We also define some useful combinators for performing repeated pulls/pushes.

abstract
  centralize
    : f ∘ g ≡ a ∘ b
    → h ∘ i ≡ c ∘ d
    → f ∘ g ∘ h ∘ i ≡ a ∘ (b ∘ c) ∘ d
  centralize {f = f} {g = g} {a = a} {b = b} {h = h} {i = i} {c = c} {d = d} p q =
    f ∘ g ∘ h ∘ i   ≡⟨ pulll p ⟩≡
    (a ∘ b) ∘ h ∘ i ≡⟨ pullr (pushr q) ⟩≡
    a ∘ (b ∘ c) ∘ d ∎

  centralizel
    : f ∘ g ≡ a ∘ b
    → f ∘ g ∘ h ∘ i ≡ a ∘ (b ∘ h) ∘ i
  centralizel p = centralize p refl

  centralizer
    : h ∘ i ≡ c ∘ d
    → f ∘ g ∘ h ∘ i ≡ f ∘ (g ∘ c) ∘ d
  centralizer p = centralize refl p

  disperse
    : f ∘ g ≡ a ∘ b
    → h ∘ i ≡ c ∘ d
    → f ∘ (g ∘ h) ∘ i ≡ a ∘ b ∘ c ∘ d
  disperse {f = f} {g = g} {a = a} {b = b} {h = h} {i = i} {c = c} {d = d} p q =
    f ∘ (g ∘ h) ∘ i ≡⟨ pushr (pullr q) ⟩≡
    (f ∘ g) ∘ c ∘ d ≡⟨ pushl p ⟩≡
    a ∘ b ∘ c ∘ d ∎

  dispersel
    : f ∘ g ≡ a ∘ b
    → f ∘ (g ∘ h) ∘ i ≡ a ∘ b ∘ h ∘ i
  dispersel p = disperse p refl

  disperser
    : h ∘ i ≡ c ∘ d
    → f ∘ (g ∘ h) ∘ i ≡ f ∘ g ∘ c ∘ d
  disperser p = disperse refl p

Cancellation🔗

These lemmas do 2 things at once: rearrange parenthesis, and also remove things that are equal to id.

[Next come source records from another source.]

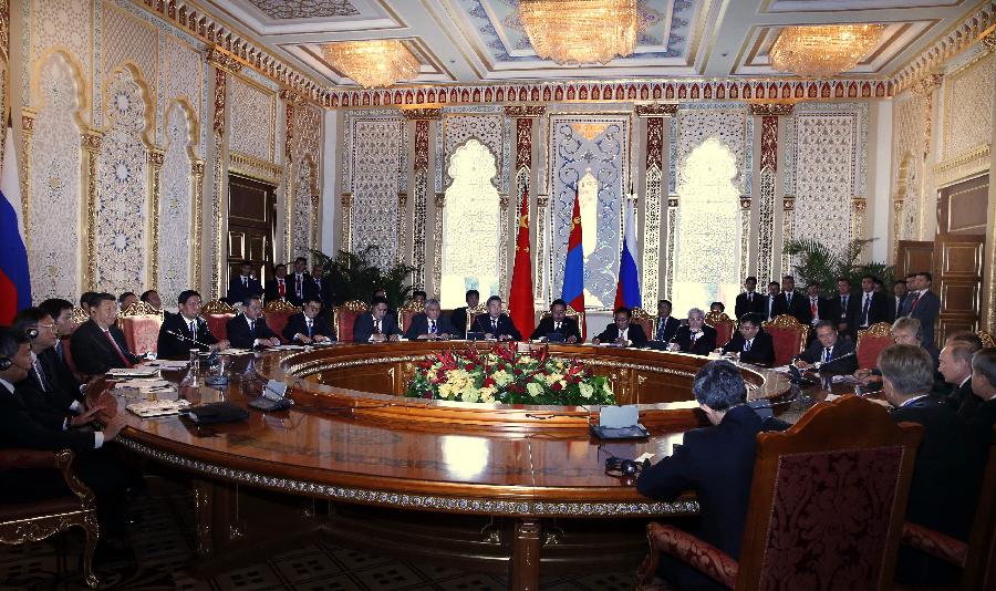 Chinese President Xi Jinping meets with Russian President Vladimir Putin and Mongolia's President Tsakhiagiin Elbegdorj,in Dushanbe, capital of Tajikistan, Sept. 11, 2014. (Xinhua/Ju Peng)
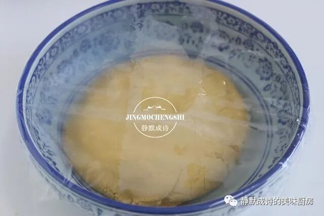 3、然后下手,把面团揉好,揉至细腻,就可以盖好保鲜膜让它自然发酵了。但大家要注意,这里我们不需要面团发酵至两倍大,在室温下发酵半个多小时至半发状态就可以包团子了。
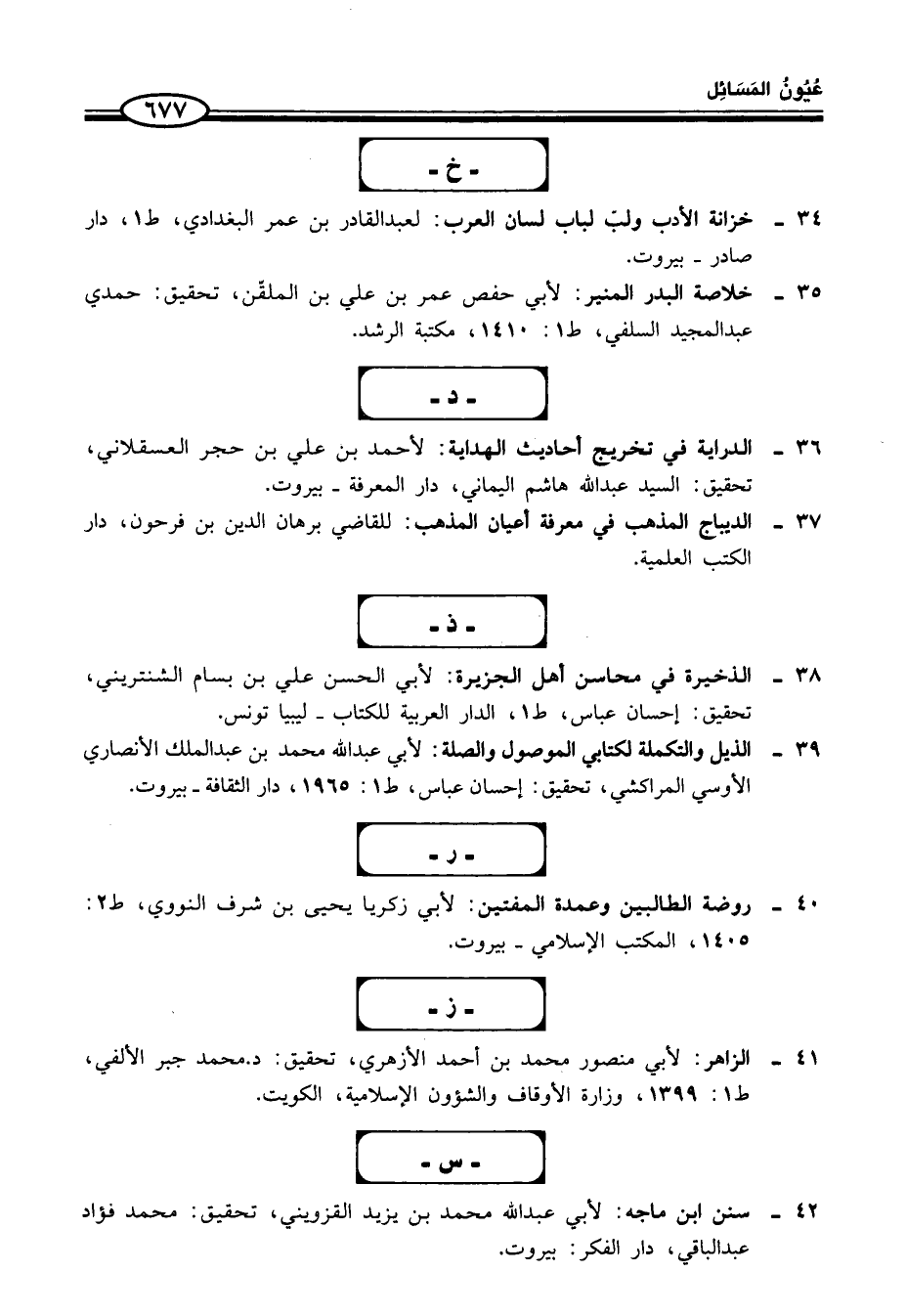 34 - خزانة الأدب ولبّ لباب لسان العرب: لعبد القادر بن عمر البغدادي، ط 1، دار صادر - بيروت.
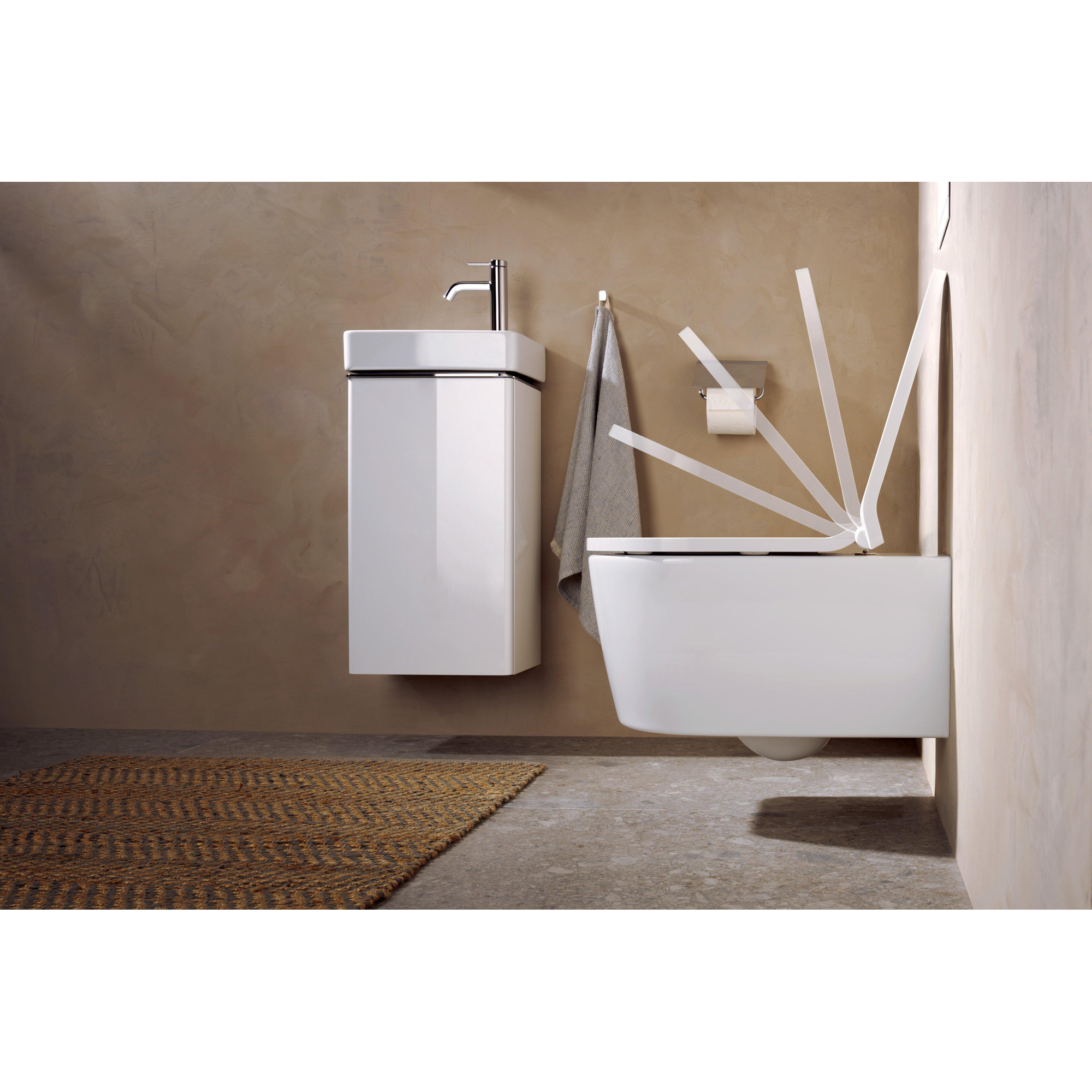 La céramique lisse avec surface SmartClean fait en sorte que les gouttes d’eau et la saleté adhèrent moins rapidement. Vous le remarquez immédiatement lors du nettoyage : un chiffon doux et un produit d’entretien doux suffisent généralement pour redonner de l’éclat au lavabo. Le calcaire se forme moins vite et les résidus de savon se rincent facilement. Comme il n’y a pas de trop-plein, vous avez en outre moins de rebords et de recoins où la saleté peut s’accumuler, ce qui est bénéfique pour l’hygiène. Cela rend ce lavabo particulièrement adapté aux toilettes très fréquentées, aux familles avec enfants ou à toute personne souhaitant un espace frais et hygiénique sans devoir consacrer beaucoup de temps à l’entretien.
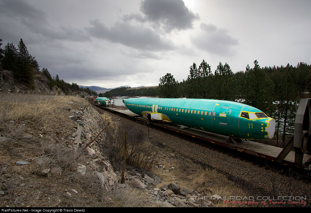| Westbound Boeing plane bodies on a BNSF trackage right train over Montana Rail Link in ironocally, Plains, Montana. |

module _ (inv : h ∘ i ≡ id) where abstract
  cancell : h ∘ (i ∘ f) ≡ f
  cancell {f = f} =
    h ∘ (i ∘ f) ≡⟨ pulll inv ⟩≡
    id ∘ f      ≡⟨ idl f ⟩≡
    f           ∎

  cancelr : (f ∘ h) ∘ i ≡ f
  cancelr {f = f} =
    (f ∘ h) ∘ i ≡⟨ pullr inv ⟩≡
    f ∘ id      ≡⟨ idr f ⟩≡
    f           ∎

  insertl : f ≡ h ∘ (i ∘ f)
  insertl = sym cancell

  insertr : f ≡ (f ∘ h) ∘ i
  insertr = sym cancelr

  cancel-inner : (f ∘ h) ∘ (i ∘ g) ≡ f ∘ g
  cancel-inner = pulll cancelr

  insert-inner : f ∘ g ≡ (f ∘ h) ∘ (i ∘ g)
  insert-inner = pushl insertr

  deleter : (f ∘ g ∘ h) ∘ i ≡ f ∘ g
  deleter = pullr cancelr

  deletel : h ∘ (i ∘ f) ∘ g ≡ f ∘ g
  deletel = pulll cancell

module _ (inv : g ∘ h ∘ i ≡ id) where abstract
  cancell3 : g ∘ (h ∘ (i ∘ f)) ≡ f
  cancell3 {f = f} = pulll3 inv ∙ idl f

  cancelr3 : ((f ∘ g) ∘ h) ∘ i ≡ f
  cancelr3 {f = f} = pullr3 inv ∙ idr f

  insertl3 : f ≡ g ∘ (h ∘ (i ∘ f))
  insertl3 = sym cancell3

  insertr3 : f ≡ ((f ∘ g) ∘ h) ∘ i
  insertr3 = sym cancelr3

We also have combinators which combine expanding on one side with a cancellation on the other side:

lswizzle : g ≡ h ∘ i → f ∘ h ≡ id → f ∘ g ≡ i
lswizzle {g = g} {h = h} {i = i} {f = f} p q =
  f ∘ g     ≡⟨ ap₂ _∘_ refl p ⟩≡
  f ∘ h ∘ i ≡⟨ cancell q ⟩≡
  i         ∎

rswizzle : g ≡ i ∘ h → h ∘ f ≡ id → g ∘ f ≡ i
rswizzle {g = g} {i = i} {h = h} {f = f} p q =
  g ∘ f       ≡⟨ ap₂ _∘_ p refl ⟩≡
  (i ∘ h) ∘ f ≡⟨ cancelr q ⟩≡
  i           ∎

The following “swizzle” operation can be pictured as flipping a commutative square along an axis, provided the morphisms on that axis are invertible.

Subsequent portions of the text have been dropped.